Wednesday, January 23, 2008

Turbo-Capitalism

There is an interesting and not entirely pointless article by Jonathan Freedland over on CiF. The gist of it seems to be that the bankers, traders, banks, and moneymen who complained of state-intervention when times were good are now demanding support from the state in the form of stimulus packages.

This seems grossly unfair. From the article:

"If the market economy is looking peaky, then its accompanying free market ideology should be on life support. Behold the hypocrisy. The free marketeers have spent the past two decades preaching against the evils of state intervention, the dead hand of government, the need to roll back the frontiers, and so on. Yet what happens when these buccaneers of unfettered capitalism run into trouble? They go running to the nanny state they so deplore, sob into her lap and beg for help. The results of their own greed - "exuberance", they call it - and incompetence have caused more than 100 substantial banking crises over the past 30 years, yet time and again it is the reviled state which answers the call for help. Four times in this period, the authorities have had to rescue crucial parts of the US financial setup. If the banks make money, they get to keep it. The moment they look like losing it, we have to cough up. In Wolf's brilliant summary: "No industry has a comparable talent for privatising gains and socialising losses.""

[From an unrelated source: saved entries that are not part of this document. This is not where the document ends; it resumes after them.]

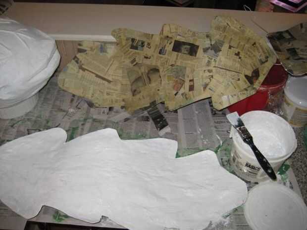 Pintar todo con una capa de pintura blanca. Tengo una bañera grande de Gesso que utilizo para mi capa base sobre mi papel maché. Puede ser caro, pero me ha durado a través de muchos proyectos.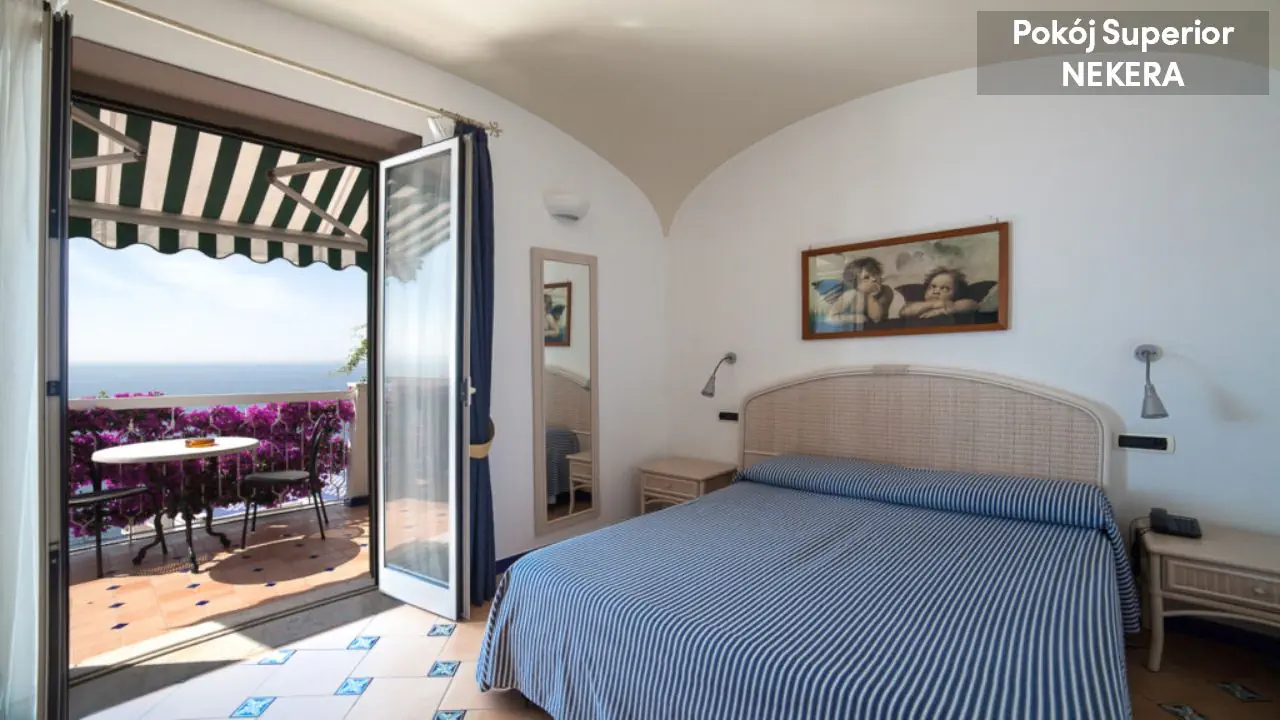 Pokój Standard, ok. 16–18 m², dla max 2 osób dorosłych, łóżko podwójne lub 2 pojedyncze, klimatyzacja, sejf, TV-Sat., telefon, minibar, prywatna łazienka (prysznic/wanna, toaleta, suszarka do włosów, zestaw kosmetyków), balkon lub taras. Pokój Superior: ok. 17 m², dla max 2 osób dorosłych, wyposażenie jak w pokoju Standard, dodatkowo balkon z widokiem na morze.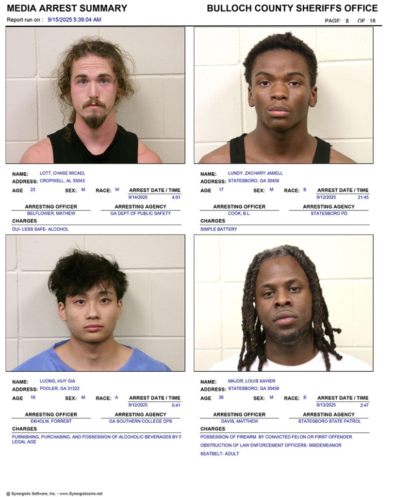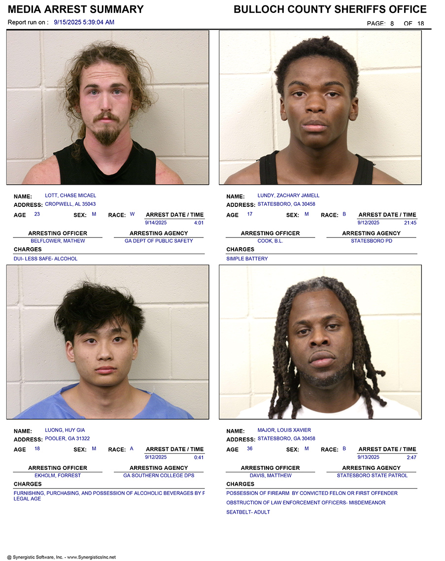 These records are matters of public information provided by the Bulloch County Sheriff’s Office. Booking reports are details of arrests only. All persons below are considered to be innocent unless proven otherwise in a court of law.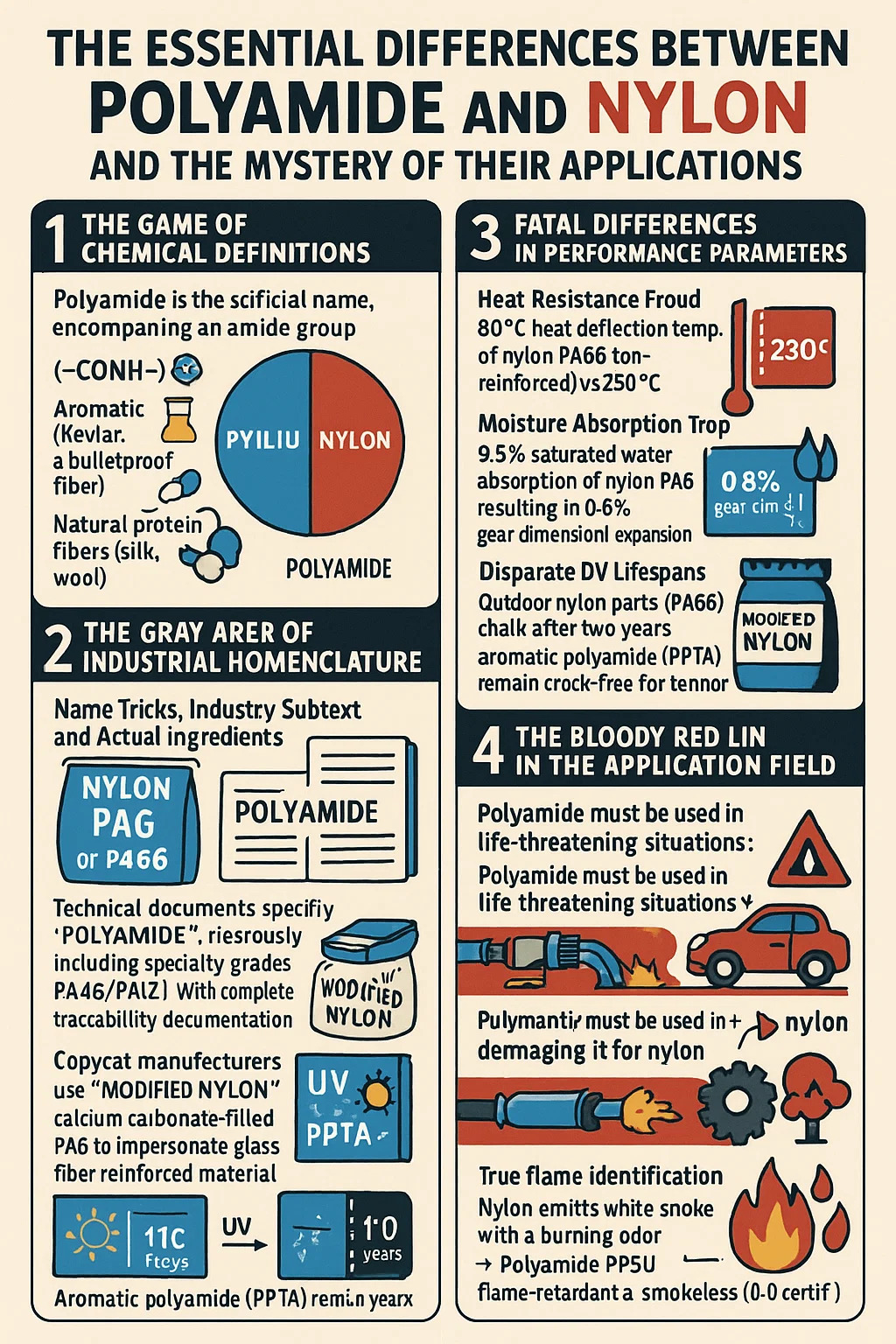 Nylon: En kommerciel betegnelse, der er registreret af Dupont i 1935 (patentnummer US2130523), der specifikt henviser til alifatiske polyamider (såsom PA6/PA66), i det væsentlige en undergruppe af polyamider.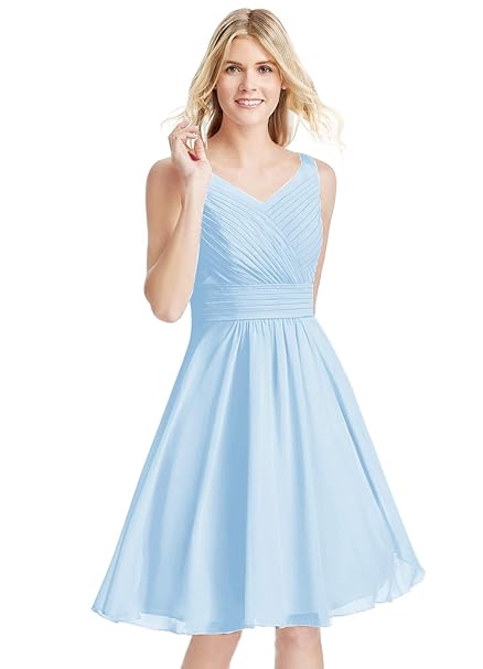 Kkarine Women S A Line V Neck Pleated Chiffon Bridesmaid Dresses Sleeveless Short Formal Homecoming Dress

This debate looks to fundamental questions of the place of the state and the market in the distribution of scarcity.

If a woman chooses to take up rock-climbing as a hobby then the state has no place to tell her she can't do it. However if she falls and breaks her leg whilst rock-climbing the state has no right to withhold state-funded paramedic care.

My concern is that it is all very well to complain of enormous disparities in income between the bottom and the top, but what do people intend to do about it? The answer is usually to raise the top-rate of income tax. But then what incentive do people have for aspiring to wealth in the first place?

To put it another way - would you, as a citizen of a state, rather take 40% of £100 000 in tax or 20% of £20 000? Rich people, for all that they piss off people with less money, are a positive thing in a society.

PS: the second comment in on that article someone called "tommydog" made a good point.